Data extracts below:
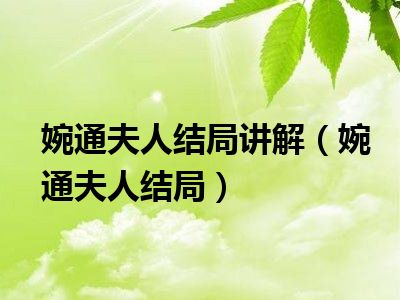 婉通夫人结局讲解(婉通夫人结局)
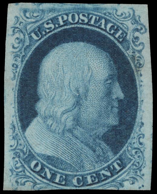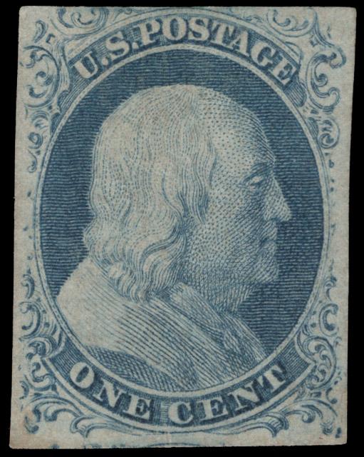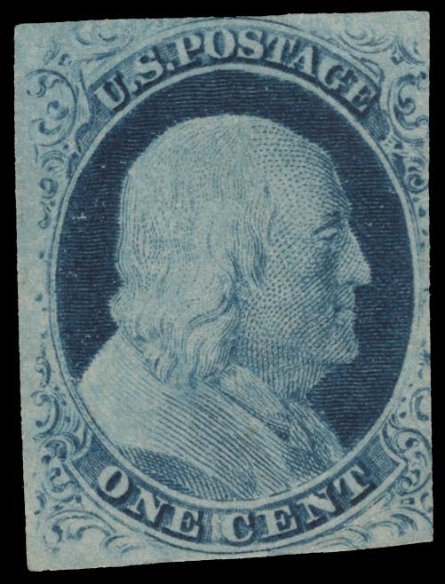 1852, 1c BLUE TYPE IV RECUT AT TOP AND BOTTOM UNUSED, #9, with margins just touching at left, without gum, fine-very fine, cat. $260.00 (Image)
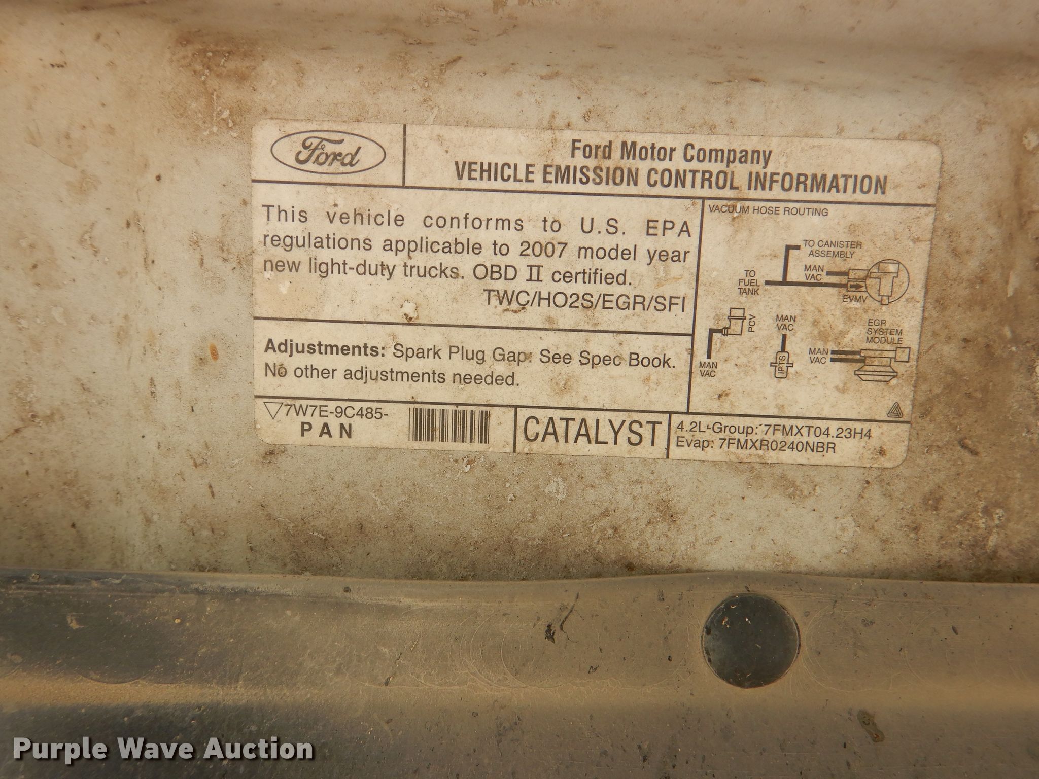 2007 Ford F150 XL pickup truck. 201,171 miles on odometer, KDOT ID: 053-1287. Engine Displacement: 4.2L V6 OHV 12V, Cylinders: 6, Fuel type: Gas. Transmission Automatic. Interior AC, Heat, Cruise control. Tires Size: 245/75R17. Notes Hail damage, Front suspension issues, loose. Kansas title. Titles will be distributed after confirmation of payment and removal. 1FTRF12277KC90925. Kansas Department of Transportation - Topeka. 121 SW 21st St. Topeka, KS 66612
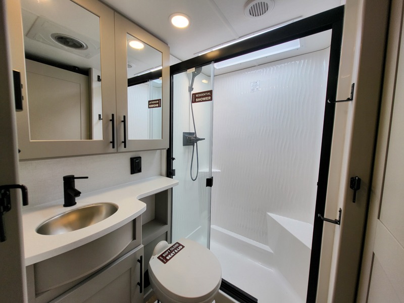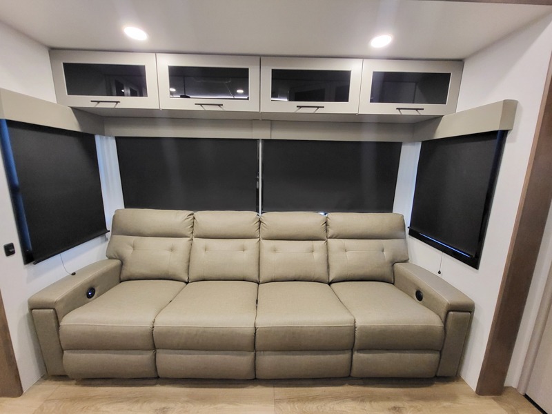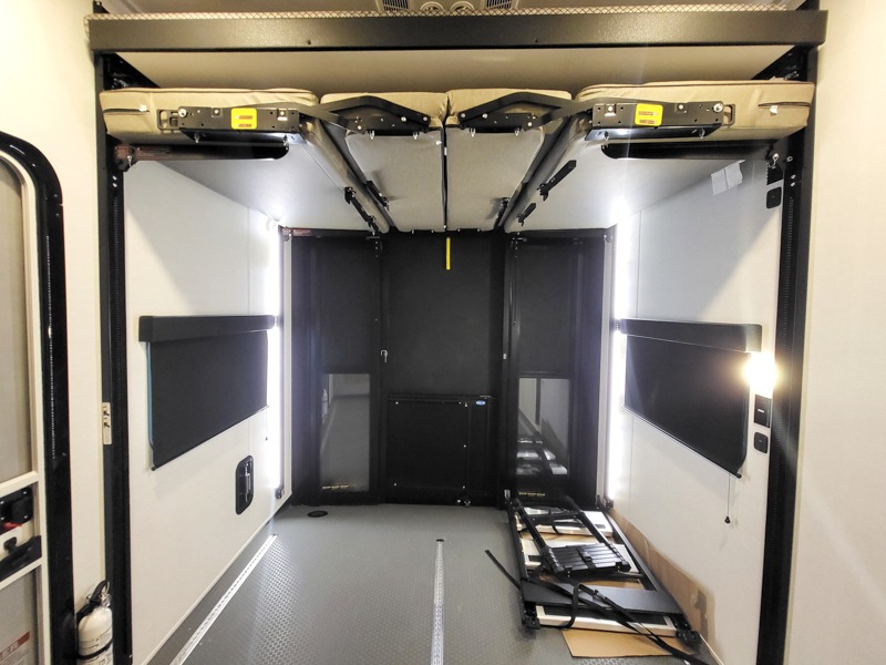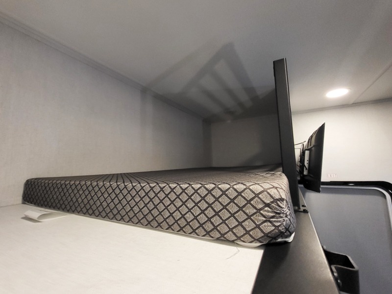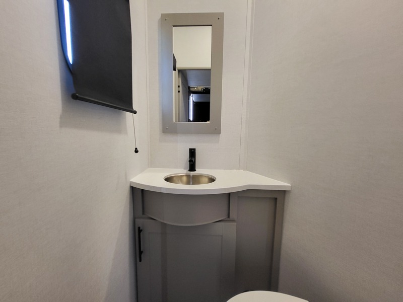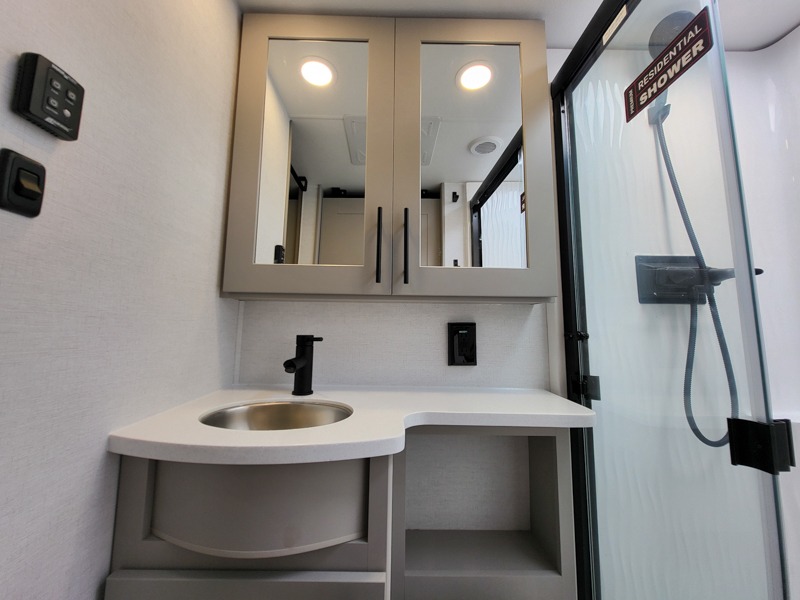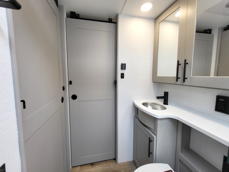 Once you've unloaded your toys, the garage area easily transforms into a spacious living area. The opposing HappiJac sofas provide ample seating, and the drop-down queen mattress offers extra sleeping space when needed. Above the living area, a loft opens to the living room, perfect for additional storage or a cozy sleeping nook. The half bathroom adds convenience for your guests.
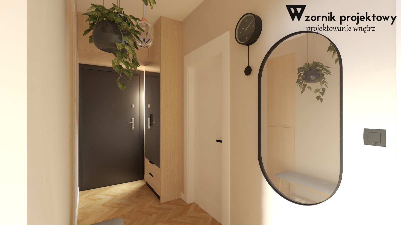 Na ścianach zastosowaliśmy delikatny i prosty efekt dekoracyjny, który nawiązuje do ostatnich trendów (a może powrotów?) do owali, łuków i naturalnych barw ziemi. Motyw łuku powtarza się w kształcie lustra, stołu, lamp a nawet tablicy magnetycznej. Odcień forniru został wybrany przez Właścicielkę – jasne drewno nie przytłacza w tych niewielkich pomieszczeniach i daje możliwości różnej aranżacji w przyszłości. Z uwagi na czarny kamienny blat kuchenny dodaliśmy kilka drobnych czarnych detali, aby całe wnętrze było spójne. Kolorem przewodnim, oprócz motywu drewna był bladoniebieski – dodał lekkości i świeżości aranżacji oraz dobrze spasował się z granatową sofą i kolorem ścian.
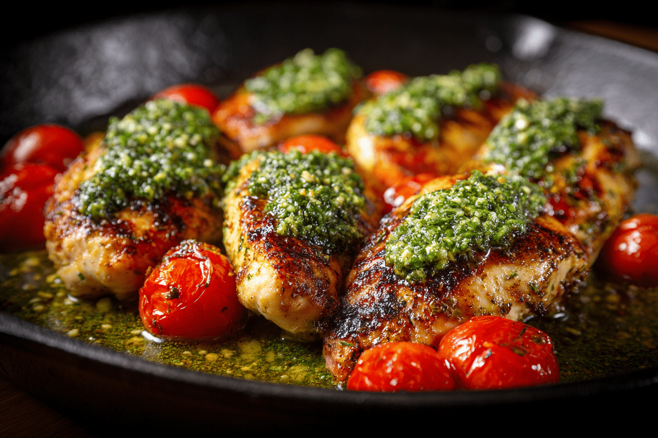 This one-skillet meal features golden-seared chicken simmered in a pesto-Parmesan cream sauce, finished with cherry tomatoes or spinach for a pop of color and freshness. It’s a weeknight-worthy recipe that also feels elegant enough for guests—savory, creamy, and bursting with herbaceous flavor.
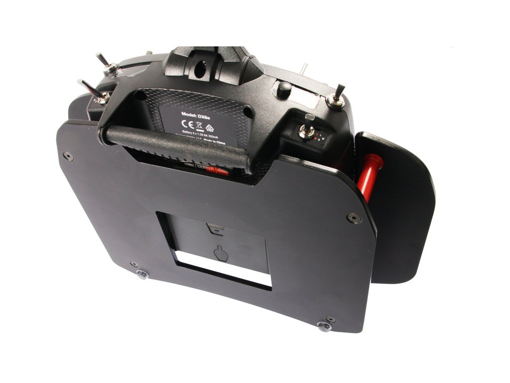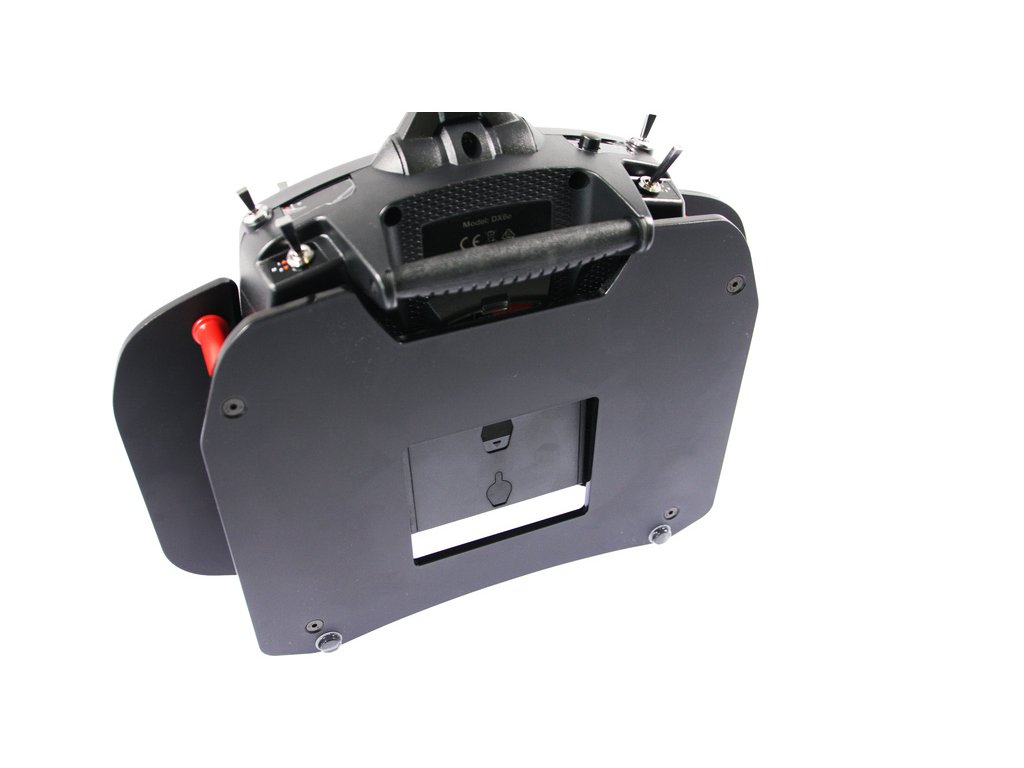 Vysílač Spektrum DX6e/DX8e přesně zapadne do výřezů v horní i spodní desce a pevně v něm drží. Takto sestavený celek můžete vložit jako komplet do svého přepravního kufru.
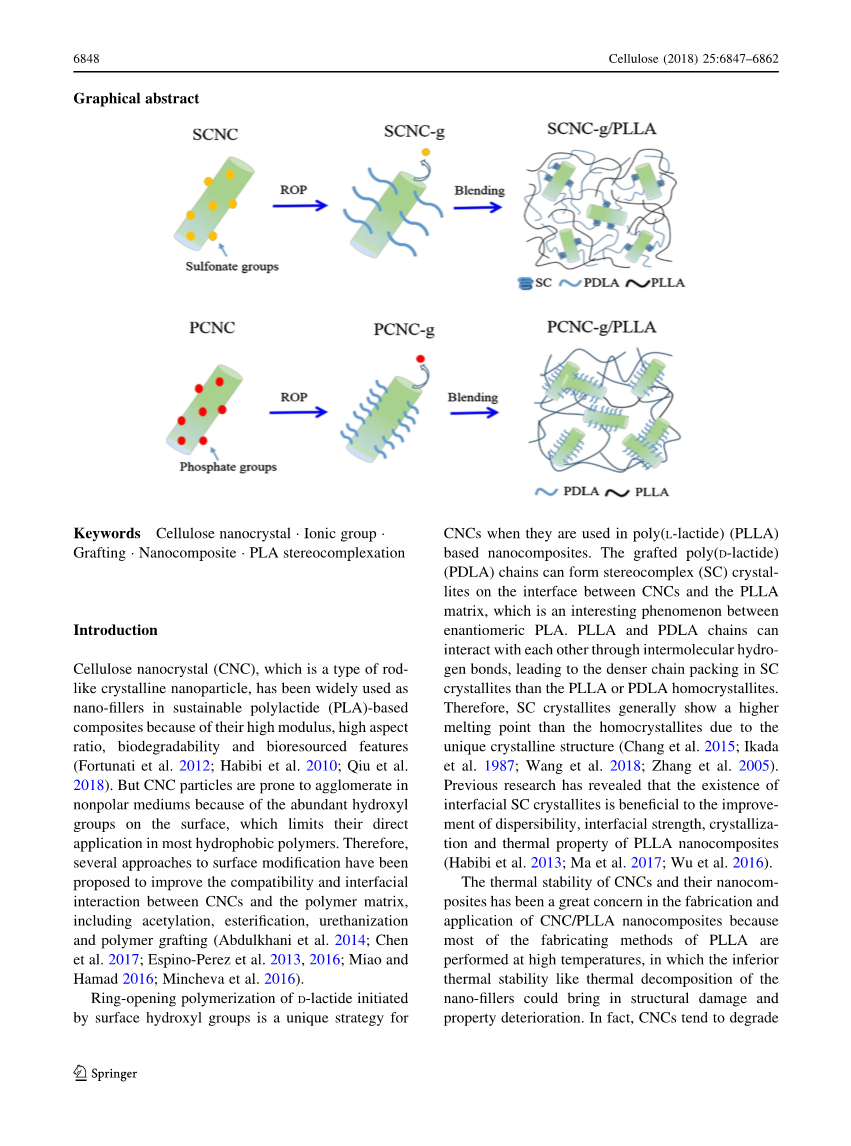 纳米纤维晶,离子基团,接枝,纳米复合材料,聚乳酸立体复合材料;
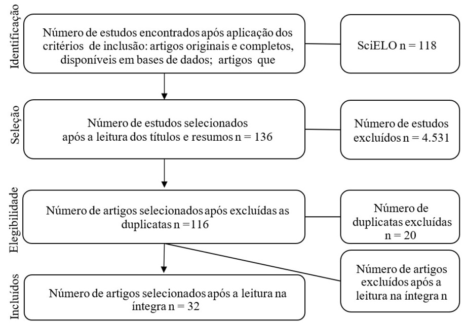 Foram examinados estudos realizados no intervalo de 2013 a 2023, abrangendo uma busca nas bases de dados, realizada entre novembro de 2022 a fevereiro de 2023, que identificou 4.667 artigos. Após a análise de títulos e resumos, foram selecionados 136 artigos, enquanto 4.531 foram excluídos. Em seguida, 20 duplicatas foram removidas, resultando em 116 artigos para leitura na íntegra. Após a leitura, 84 artigos foram excluídos, culminando em uma amostra final de 32 artigos (Figura 1).
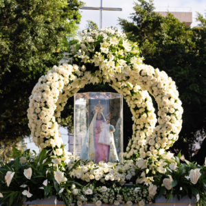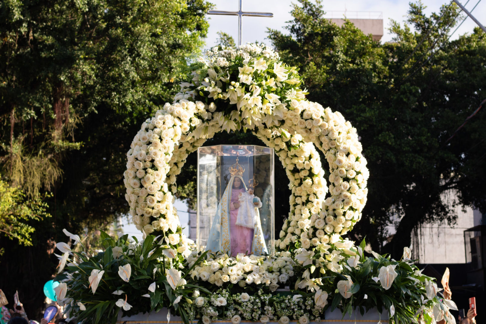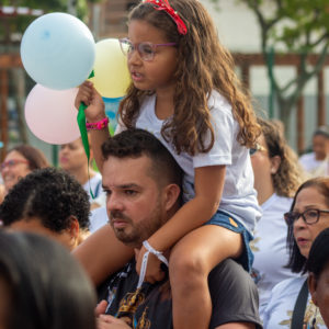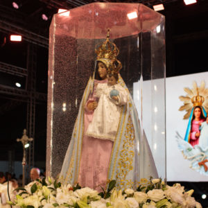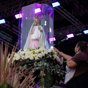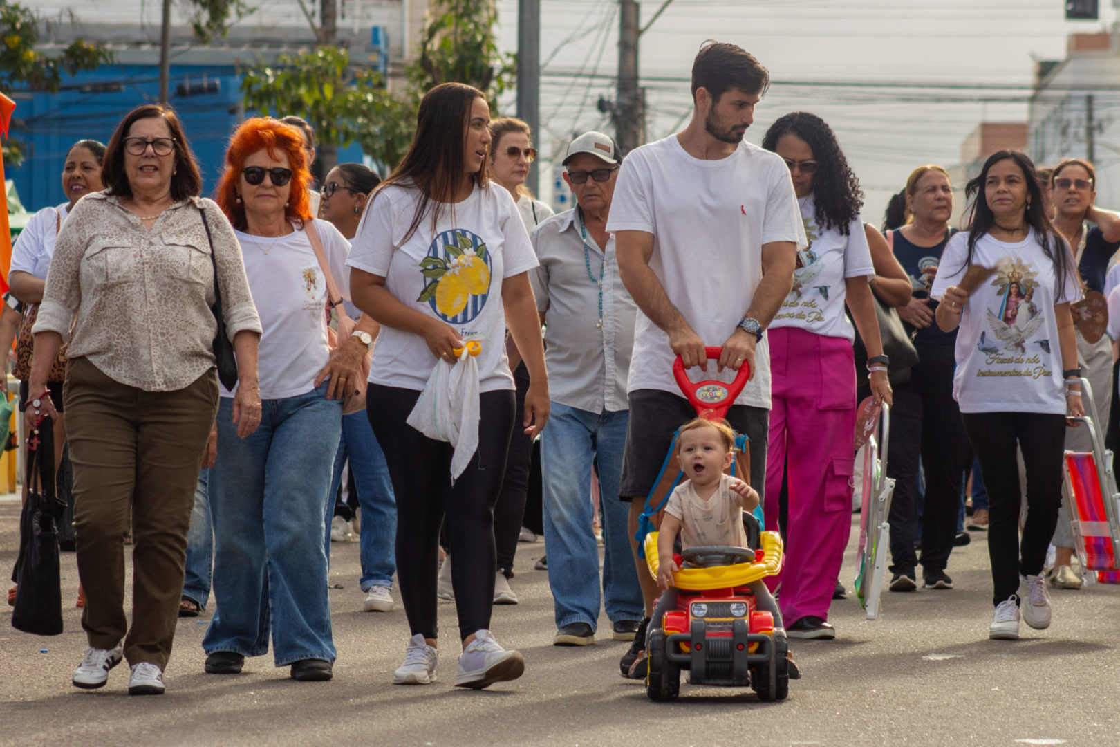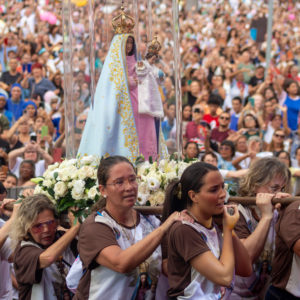 Vila Velha (ES) – Momento de destaque e muito esperado na Programação da Festa da Penha, a Romaria das Mulheres ocorreu na tarde deste domingo. A concentração foi no Santuário do Divino Espírito Santo, de onde as mulheres partiram em romaria rumo ao Parque da Prainha às 15h30. Durante o percurso, o tempo estava nublado com um leve mormaço e temperatura agradável. No entanto, pouco depois da chegada ao destino e da subida da imagem ao palco, recebida com honras reais e toques de clarins, bem no momento da reflexão do último dia do oitavário, uma chuva constante começou a cair, engrossando aos poucos, transformando o Parque da Prainha num imenso mosaico colorido de guarda-chuvas.
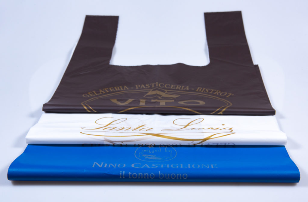 Gli shoppers bio, proposti con manico a canottiera, possono essere prodotti con fondo trasparente, bianco e colorato e personalizzati fino a tre sovrastampe.
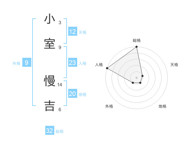 小室 慢吉さんを姓名の画数から五運を鑑定
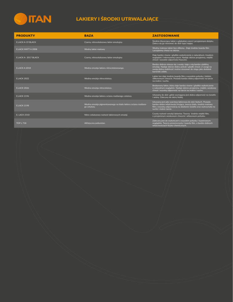 LAKIERY I ŚRODKI UTRWALAJĄCE PRODUKTY BAZA ZASTOSOWANIE E.LACK A-19 BLACK Czarny, nitrocelulozowy lakier emulsyjny Średnio błyszczący lakier o głębokiej czerni i przyjemnym dotyku. Zaleca się go stosować do skór typu nappa. E.LACK MATT A 2008 Wodny lakier matowy Wodny matowy lakier bez silikonu . Daje średnio twardy film i przyjemny chwyt na skórze. E.LACK A- 2017 BLACK Czarny, nitrocelulozowy lakier emulsyjny Daje bardzo równe i gładkie wykończenie o naturalnym, trwałym wyglądzie i intensywnej czerni. Nadaje skórze przyjemny, miękki chwyt i wysokie odporności fizyczne. E.LACK A 2018 Wodna emulsja lakieru nitrocelulozowego. Bardzo dobrze miesza się z wodą i daje z nią bardzo stabilną emulsję. Nadaje skórze dobry połysk i gładki chwyt. Z uwagi na swoją dobrą stabilność można stosować do niego jako dodatek barwniki ciekłe. E.LACK 2022 Wodna emulsja nitrocelulozy. Lakier ten daje średnio twardy film o wysokim połysku i lekkim silikonowym chwycie. Posiada bardzo dobrą odporność na tarcie na mokro i sucho. E.LACK 2026 Wodna emulsja nitrocelulozy. Bezbarwny lakier, który daje bardzo równe i gładkie wykończenie o naturalnym wyglądzie. Nadaje skórze przyjemny, miękki, woskowy chwyt i wysoką odporność na tarcie na mokro i sucho. E.LACK 2196 Wodna emulsja lakieru octanu maślanego celulozy. Używany do skór ,gdzie wymagana jest dobra odporność na światło i aminy. Zalecany do skóry białej. E.LACK 2198 Wodna emulsja pigmentowanego na biało lakieru octanu maślanego celulozy. Używana jest jako warstwa lakierowa do skór białych. Posiada bardzo dobre właściwości kryjące, tworzy biały, średnio matowy film z wysoką odpornością na działanie światła oraz wytrzymały na suche i mokre tarcie. E. LACK 2510 Nitro-celulozowy roztwór lakierowych emulsji. Czysty roztwór emulsji lakierów. Tworzy średnio miękki film, o przyjemnym woskowym chwycie i atłasowym połysku. TOP L 718 Alifatyczny poliuretan. Zalecany jest do wykończeń o wysokim połysku i kazeinowym wyglądzie. Tworzy przezroczysty i twardy film, o bardzo dobrych właściwościach fizyko-chemicznych.
End of Data extracts.
*What to do*
Look above for the line with "纳米纤维晶,离子基团,接枝,纳米复合材料,聚乳酸立体复合材料;" and the line with "Vila Velha (ES)", then copy exactly the lines from the first through the second, both kept, with no pictures.

*Solution*
 纳米纤维晶,离子基团,接枝,纳米复合材料,聚乳酸立体复合材料;
 Foram examinados estudos realizados no intervalo de 2013 a 2023, abrangendo uma busca nas bases de dados, realizada entre novembro de 2022 a fevereiro de 2023, que identificou 4.667 artigos. Após a análise de títulos e resumos, foram selecionados 136 artigos, enquanto 4.531 foram excluídos. Em seguida, 20 duplicatas foram removidas, resultando em 116 artigos para leitura na íntegra. Após a leitura, 84 artigos foram excluídos, culminando em uma amostra final de 32 artigos (Figura 1).
 Vila Velha (ES) – Momento de destaque e muito esperado na Programação da Festa da Penha, a Romaria das Mulheres ocorreu na tarde deste domingo. A concentração foi no Santuário do Divino Espírito Santo, de onde as mulheres partiram em romaria rumo ao Parque da Prainha às 15h30. Durante o percurso, o tempo estava nublado com um leve mormaço e temperatura agradável. No entanto, pouco depois da chegada ao destino e da subida da imagem ao palco, recebida com honras reais e toques de clarins, bem no momento da reflexão do último dia do oitavário, uma chuva constante começou a cair, engrossando aos poucos, transformando o Parque da Prainha num imenso mosaico colorido de guarda-chuvas.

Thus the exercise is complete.